The ER is the wildcard of medicine. You never know what the day will bring. Some days are slow and you see a few of the regulars: shortness of breath, fever, cough, low back pain, dental pain. Some days are busy and full of the kinds of ailments that are served much more efficiently and holistically in the primary care provider's office. Some days brings horror.
I recently witnessed my first cocaine overdose. Hyperthermia, hypertension, tachycardia: the sympathomymetic toxidrome, the awful truth of what can happen to what is essentially a kid. It was difficult to watch a person who is in leathers with dilated pupils, appearing scared and basically unresponsive but it is even more difficult to see their parent when they come in the room and know that it was the coke and wonder why it had to happen to their kid.

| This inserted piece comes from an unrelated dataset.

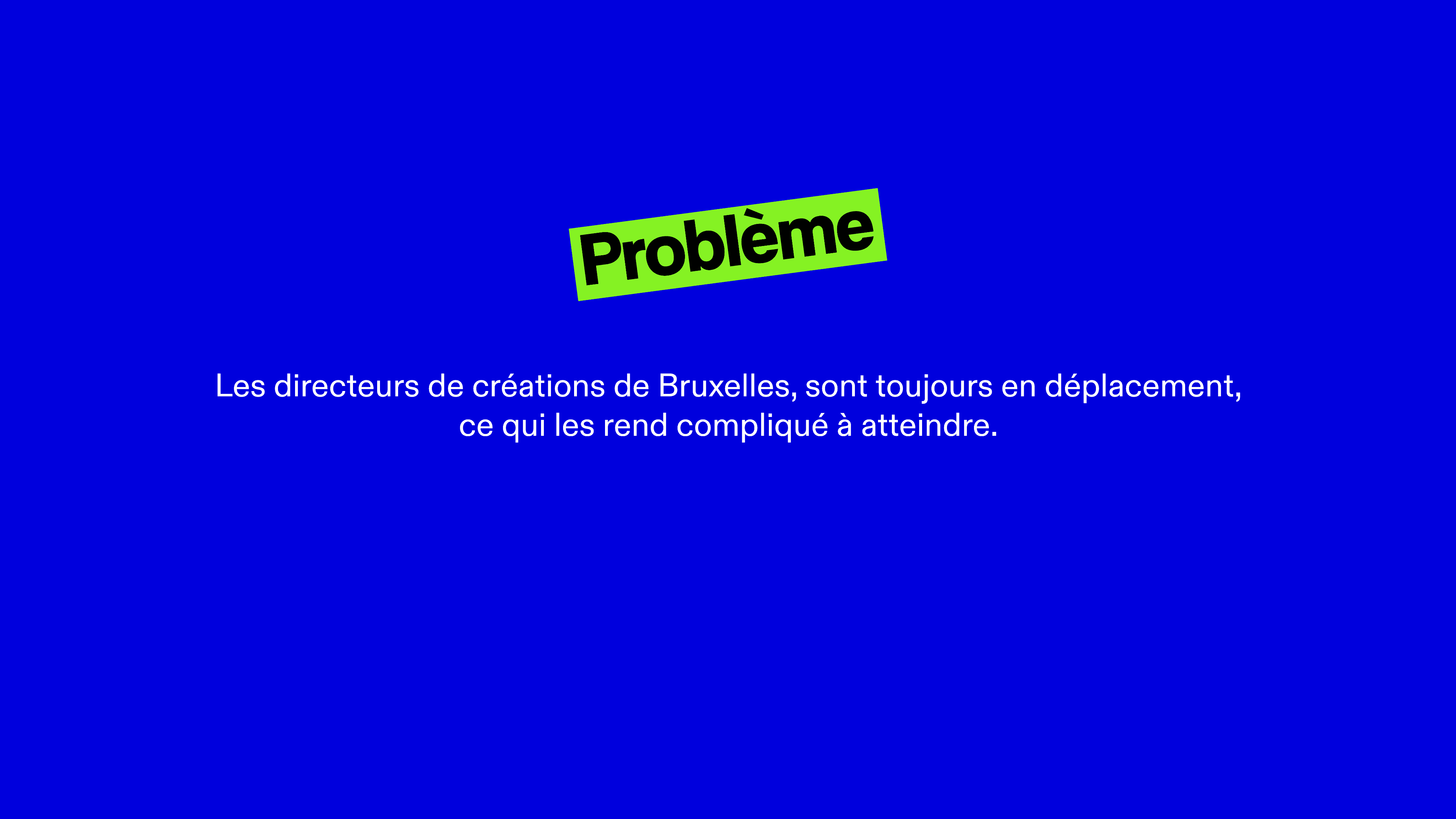 Les directeurs de créations de Bruxelles, sont toujours en déplacement, ce qui les rend compliqué à atteindre.

There was not a whole lot we could do for this person but we did everything we could. People who were on call at home came in to the hospital. Other ER patients had to wait. Medicines, hopeful antidotes, lined the counter and waited for their turn to be injected into the veins of a person who is not really with us anymore, and likely will not return. The overdose was strong, it antagonized many of the interventions. Finally a call was made to move the patient to a bigger institution. Maybe they could help.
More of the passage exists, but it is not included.